TEXTSTRINGn-j.EXTENSION

if the next line is
TEXTSTRINGn-(j+1).EXTENSION

then return the first of the two lines.

Could you help me with it? I'm not all that knowledgeable of perl to get it right, but I really guess it's just a simple script.

Regards.

panyam · March 11, 2011, 10:10am

Please post a sample input and expected output.
It will help to understand the needs in a better way.
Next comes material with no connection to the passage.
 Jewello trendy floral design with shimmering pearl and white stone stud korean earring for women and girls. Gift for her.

fox1212 · March 12, 2011, 6:44am

Ok, a sample. Say this is the text file resulting from the sorted list of the directory:

abcd-001.pdf
dfcd-003.pdf
grdr-001.pdf
grdr-002.pdf
hhgt-001.pdf
htfr-001.pdf
htfr-002.pdf
htfr-003.pdf
htfr-004.pdf
jkdyr-001.pdf
tasd-018.pdf
tasd-019.pdf
yrdf-003.pdf
zgdr-001.pdf

As you see, the file grdr-xxx has been versioned once, and so there's the 001 and 002 versions, and the htfr-xxx three times, so we have from 001 to 004.
The file tasd has also been versioned and we have the 018 and 019 version because in previous executions the 001 to 017 have already been deleted.

What I want is to extract from a file like this the old versions. That is, from the sample above, I want to return the following entries:

grdr-001.pdf
htfr-001.pdf
htfr-002.pdf
htfr-003.pdf
tasd-018.pdf

so I can move or delete them and keep only the last version.
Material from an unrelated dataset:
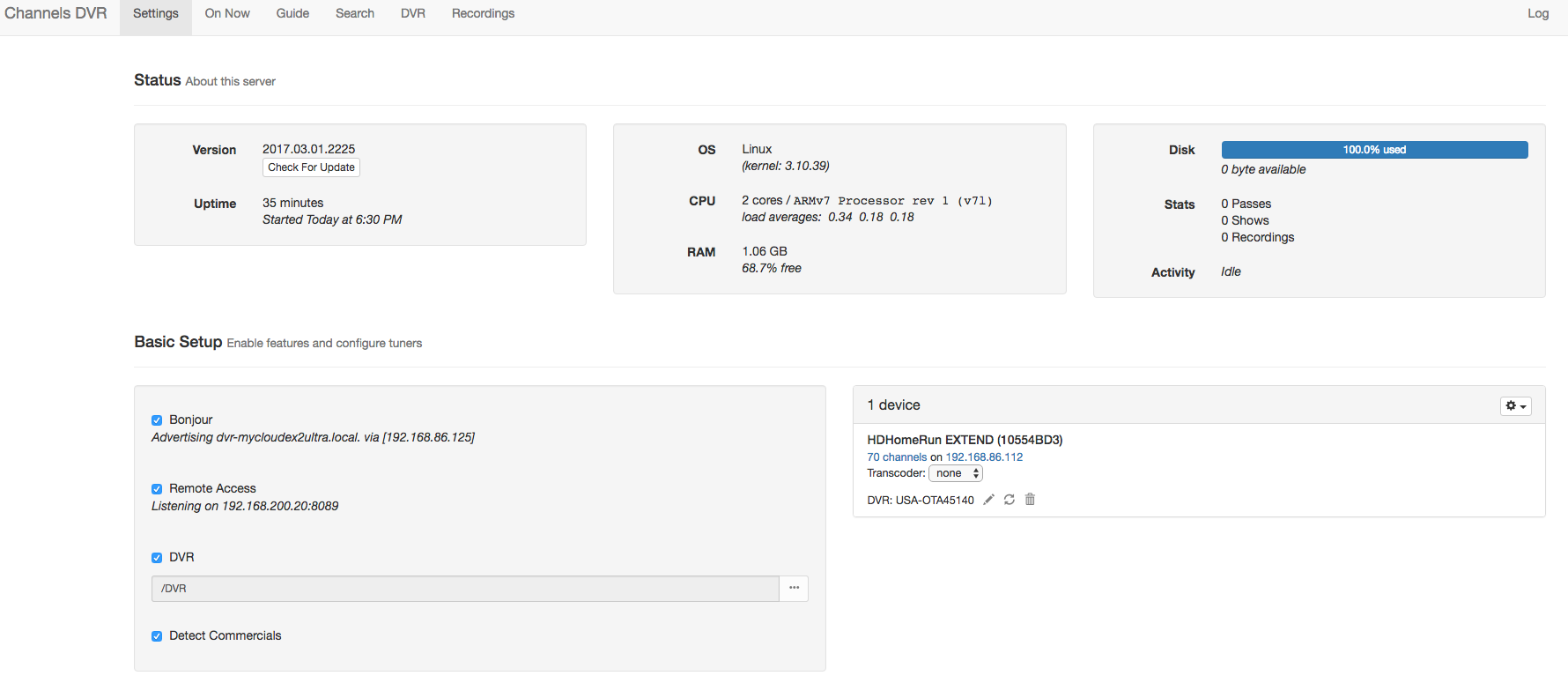Just getting my DVR set up for the first time using a brand new MyCloudEX2Ultra and I'm having issues. The DVR Web page (settings, etc.) is showing my disk use at 100 percent - even though I haven't recorded anything yet. I was having earlier with programs recordings, seeming to show as recorded but when I went to watch them I get the "spinny circle" for about 3-5 seconds and then it would revert back to the "watch" page without playing.

binlib · March 12, 2011, 6:54pm

Assuming there is only one dash and one dot in the file name, then

awk '$1==p{print f}{f=$0;p=$1}' FS='[-.]'

fox1212 · March 13, 2011, 2:41pm

Let's see if I read this right, as it's a bit obscure code to me:

$1==p{print f}  # Print f if $1 is equal to p
{f=$0;p=$1}  # Then store the entire line in f and up to the first dash in p
FS='[-.]'  # Last, select dash and dot as character separators.

Is it so? If it is, then a couple of things: I want to be sure that the numbers are consecutive, and there is more than one dash in the files, but the number is always the last three digits before the dot.
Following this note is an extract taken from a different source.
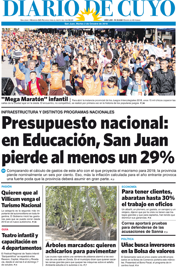 Diario de Cuyo | HOME | Noticias | Tapa Edición Tapa Edición 2 de Octubre 2018 Por Redacción Diario de Cuyo 01/10/2018 · 0:00 Escuchar la noticia Escuchar la noticia Your browser doesn’t support HTML5 audio Tapa Edición Ver los comentarios ›

I'll try to work out with this tomorrow, as now I have an idea of where to begin, and post it if I get it working. I'll have to:

Separate the name in three fields:
khdhdh-ywwwnds-dhs-001.ext

The first would be khdhdh-ywwwnds-dhs
The second 001
the third the extension

Then compare them the way binlib suggests.

Ok, tomorrow at work I'll give it a try and see what I come with.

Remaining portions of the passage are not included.